Health Data Protection Principles
The largest section of the 2008 Regulation sets out a number of health data protection principles. These principles include, among other things, a requirement that Patient Health Information may only be collected by a Licensee where it is necessary to collect that information for a lawful purpose connected with the activities or functions of the relevant Licensee. The 2008 Regulation also places restrictions on when a personal identifier, which links information to an identifiable individual, may be attached to Personal Health Information.
The health data protection principles also:
- set out requirements for the collection, storage and security of Patient Health Information;
- regulate access to and the correction of incorrect Patient Health Information; and
- regulate the disclosure, use and retention of Patient Health information by Licensees.
Data Protection Ombudsman
The 2008 Regulation contains provisions relating to the appointment of a Health Data Protection Ombudsman in the DHCC. The Data Protection Onbudsman is intended to be responsible for administering the 2008 Regulation and promoting good practises in the DHCC in relation to Patient Health Information. Among other things, the Data Protection Ombudsman may:
- investigate complaints relating to interference with Patient Health Information;
- monitor compliance with the data protection principles (some of which are set out above);
- carry out research in relation to the protection of Patient Health Information; and
- organise educational programmes in an effort to promote the protection of Patient Health Information.

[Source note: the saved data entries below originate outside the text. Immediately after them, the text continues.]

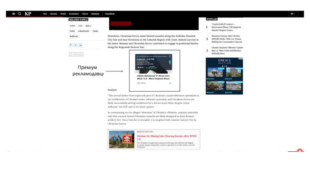 Тому було рекомендовано додати позицію мобільної реклами відразу після першого абзацу. Згідно з нашими внутрішніми даними, це найефективніша рекламна позиція, яка приносить до 20-30% загального доходу від реклами для більшості видавців новин.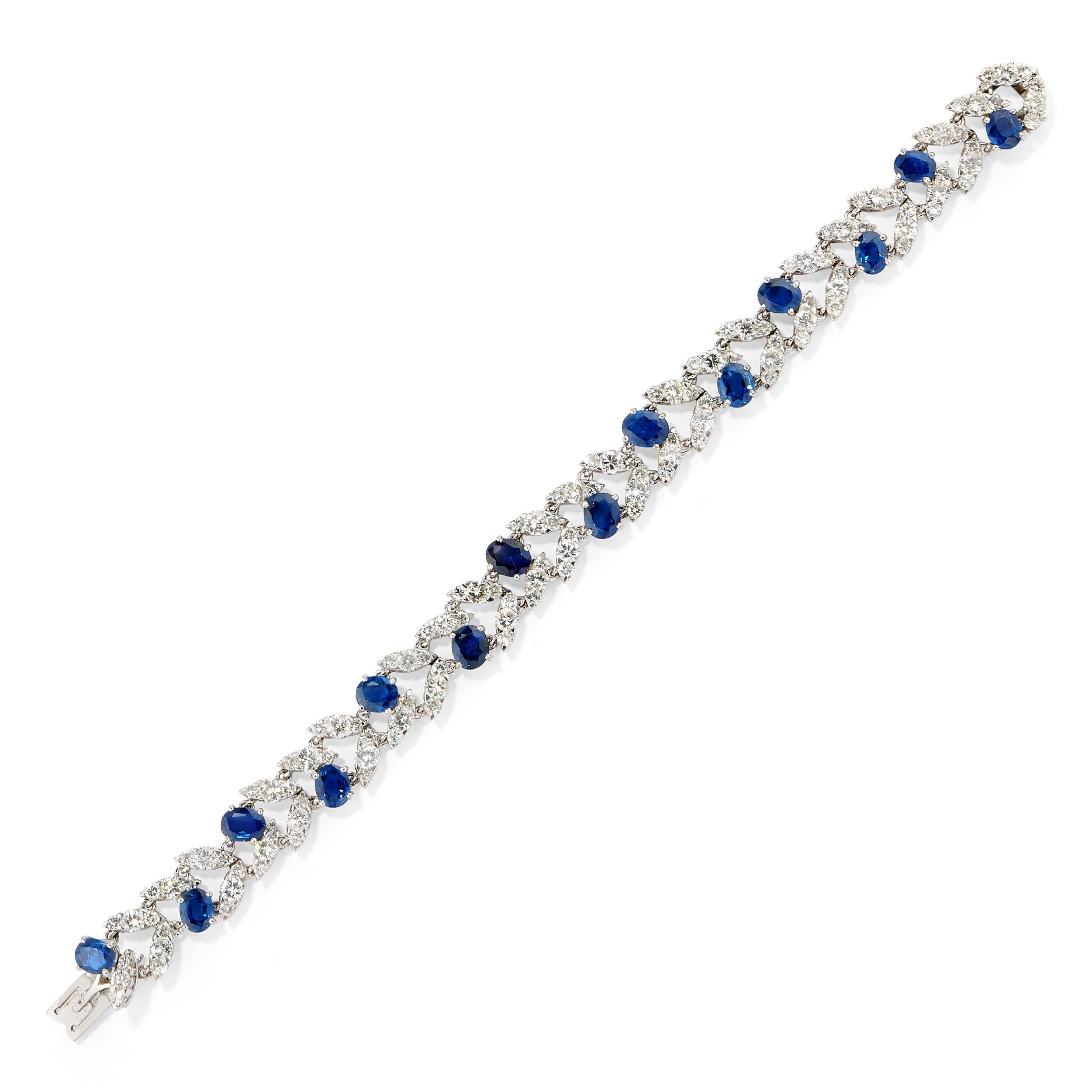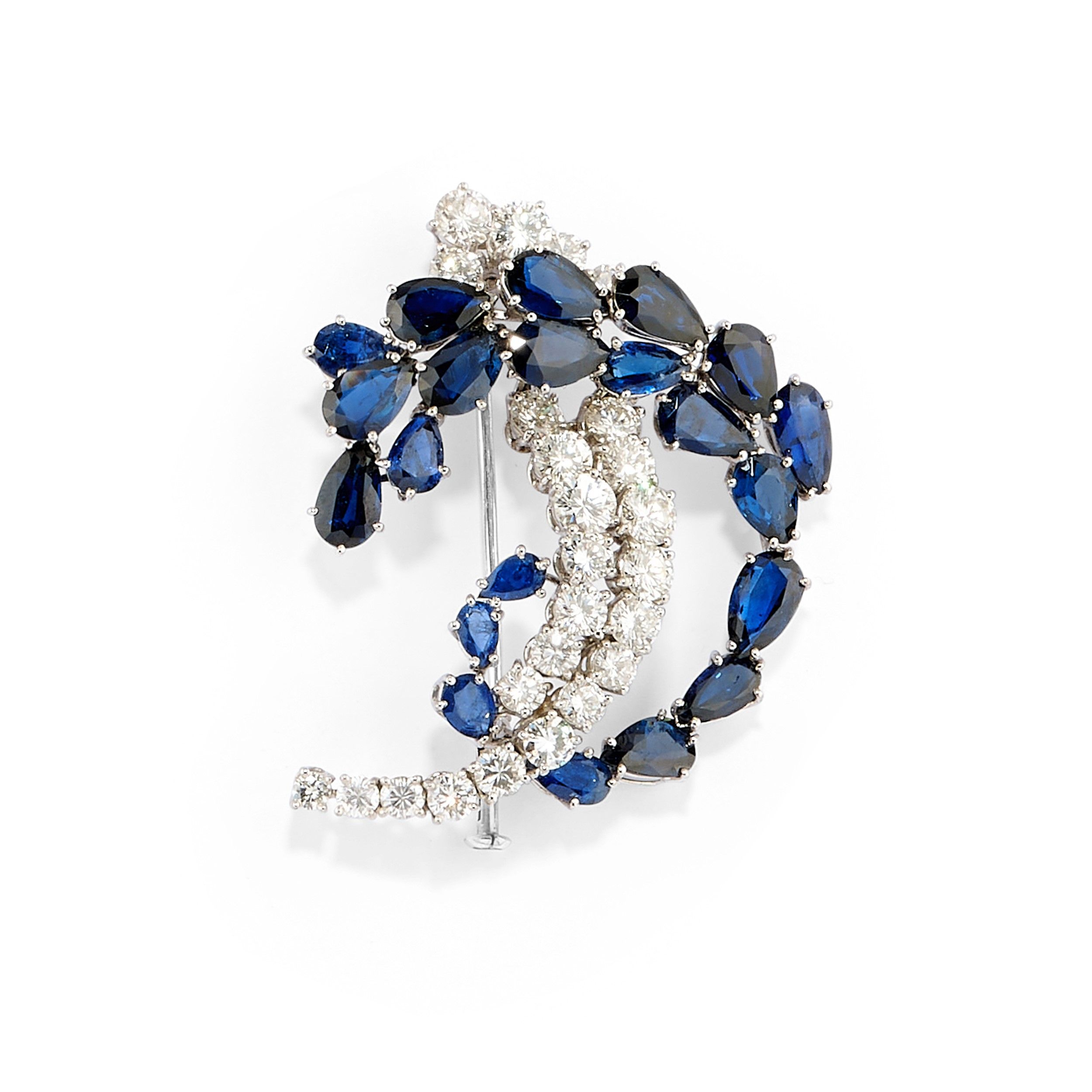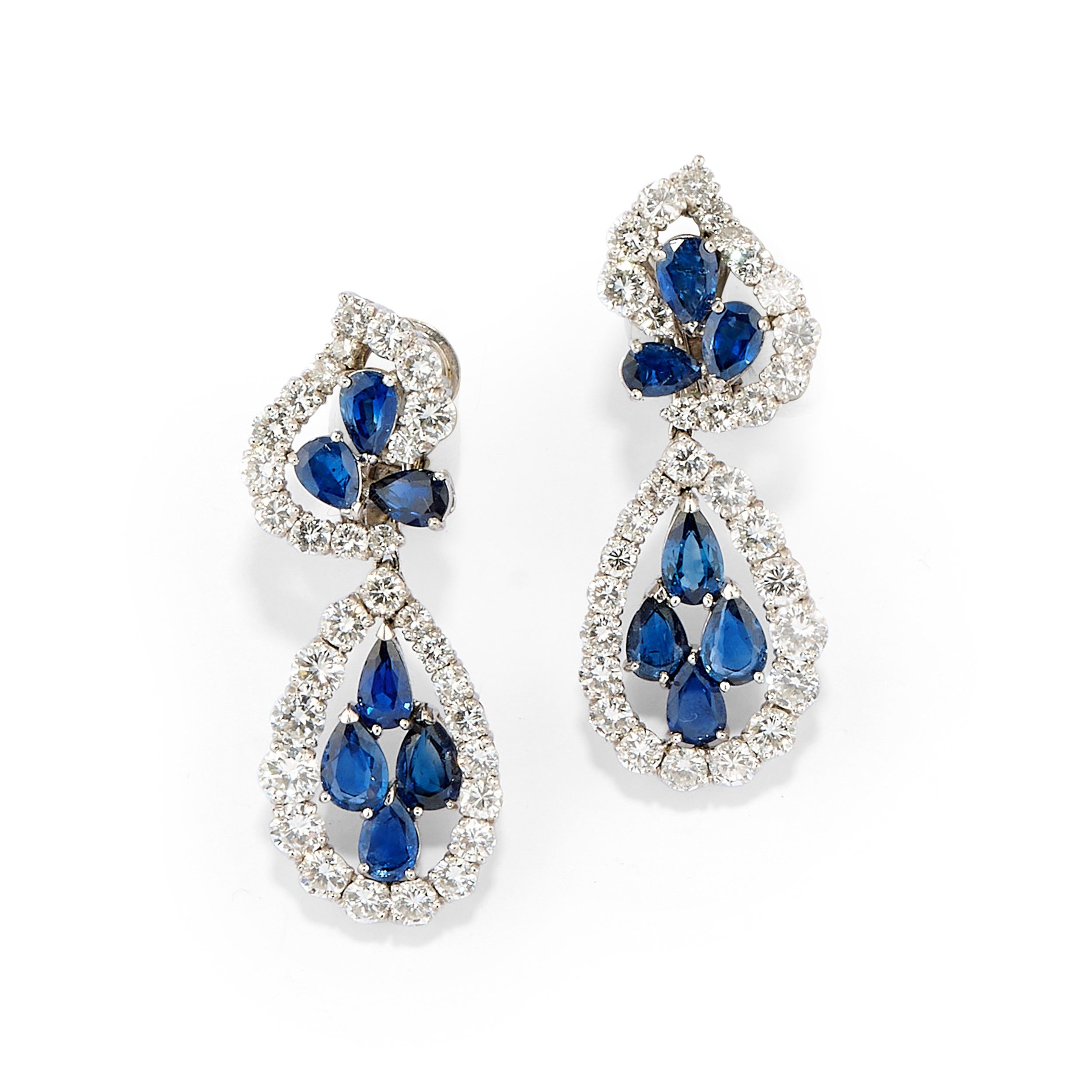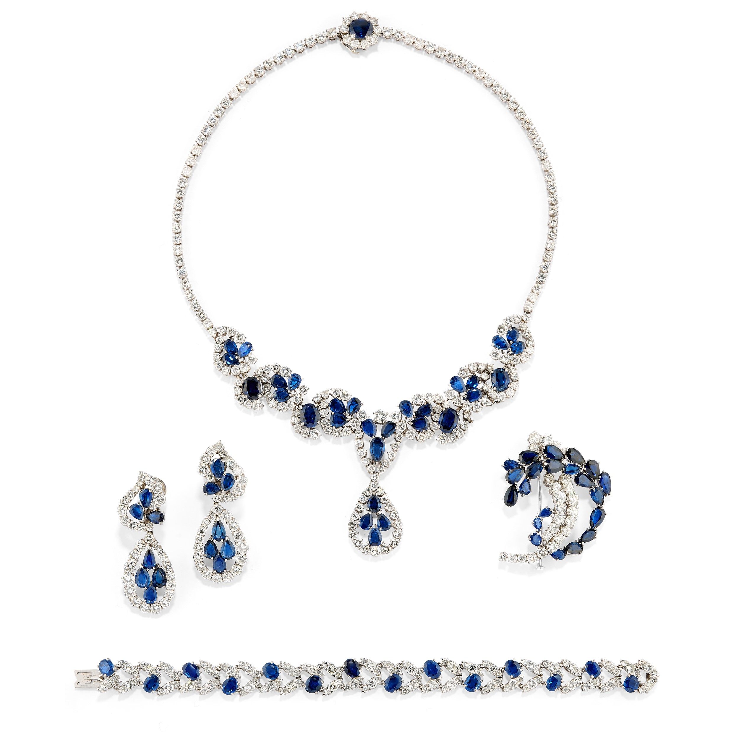interamente in diamanti taglio brillante per totale ct 40,00 circa e zaffiri taglio ovale e goccia per totale ct 50,00 circa, composta da collana, spilla e coppia di orecchini pendenti con chiusura a clip.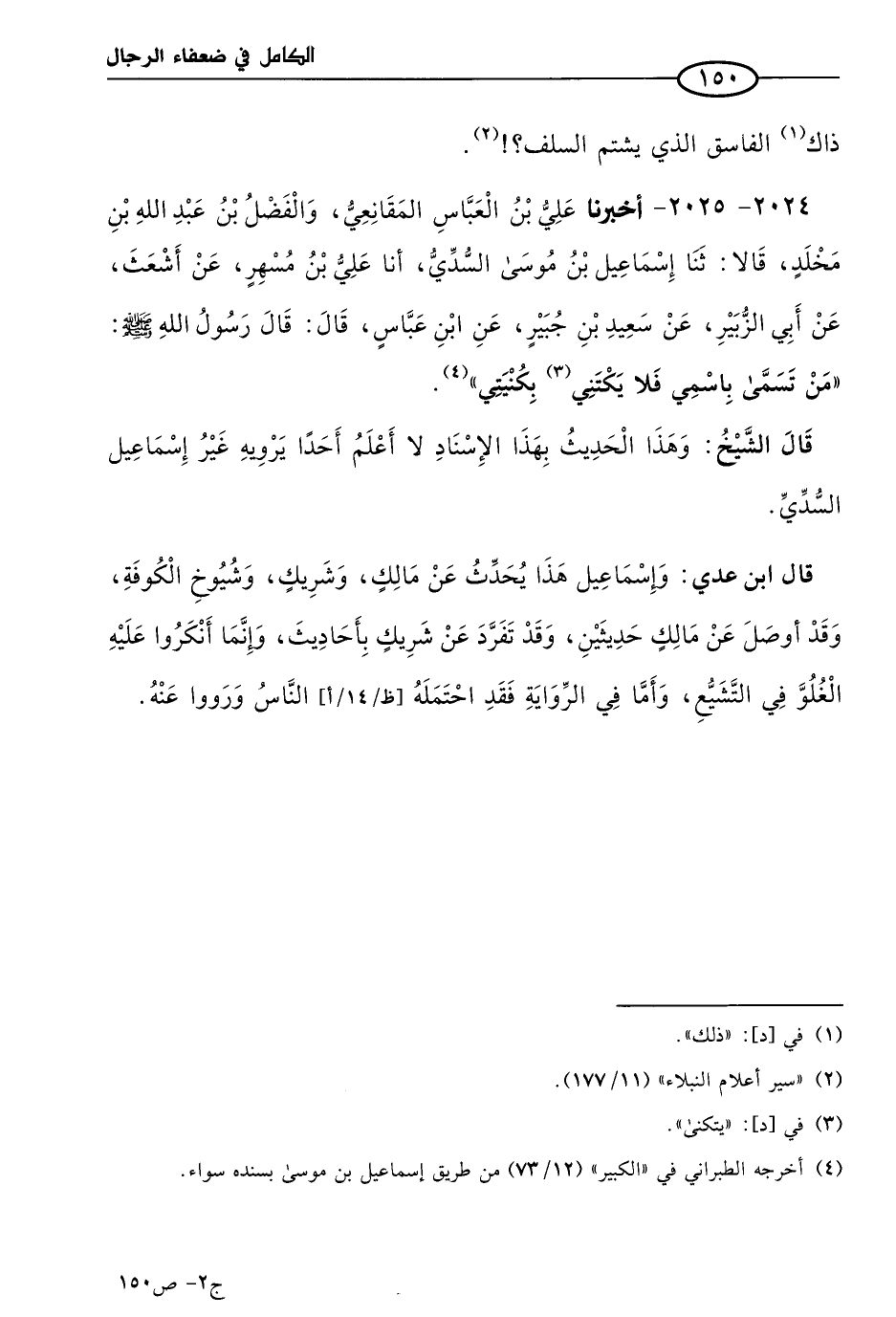 2024 - 2025 - أخبرنا علي بن العباس المقانعي، والفضل بن عَبد الله بن مخلد، قالا: حَدثنا إسماعيل بن موسى السدي، أخبرنا علي بن مسهر، عن أشعث، عن أبي الزبير، عن سعيد بن جُبَير، عن ابن عباس، قال: قال رسول الله صَلى الله عَليه وسَلم: من تسمى باسمي، فلا يكتني بكنيتي.

To date, no Data Protection Ombudsman has been appointed by the DHCC Authority in accordance with 2008 Regulation.
Access to and correcting Patient Health Information
In accordance with the 2008 Regulation, patients may request access to their Patient Health Information and may, in certain circumstances, request the amendment or deletion of Patient Health Information. The 2008 Regulation sets out those circumstances in which such amendments and deletions may be made, and also sets out certain circumstances when a Licensee may refuse a Patient access to his Patient Health Information.
Transfer of Patient Health Information
In a previous bulletin in this series, we discussed the transfer of data out of the DIFC (see here). The DIFC's Data Protection Law 2007 (DIFC Data Protection Law) and the 2008 Regulation are linked to the extent that they relate to the transfer of personal information. The 2008 Regulation states that Personal Health Information may only be transferred to a third party located outside the DHCC in certain circumstances, including where the jurisdiction to which the Patient Health Information will be transferred is considered to have an 'adequate level of protection' under the DIFC Data Protection Law. Significantly, neither the United Arab Emirates nor the United States is considered to be a jurisdiction with an adequate level of protection under the DIFC Data Protection Law.
The 2008 Regulation contains comprehensive data protection regulations. It is important that Licensees are aware of, and comply with, their obligations under the 2008 Regulations and that they have adequate policies and procedures in place to protect themselves and the Patient Health Information that they collect, store and process.
The content of this article is intended to provide a general guide to the subject matter. Specialist advice should be sought about your specific circumstances.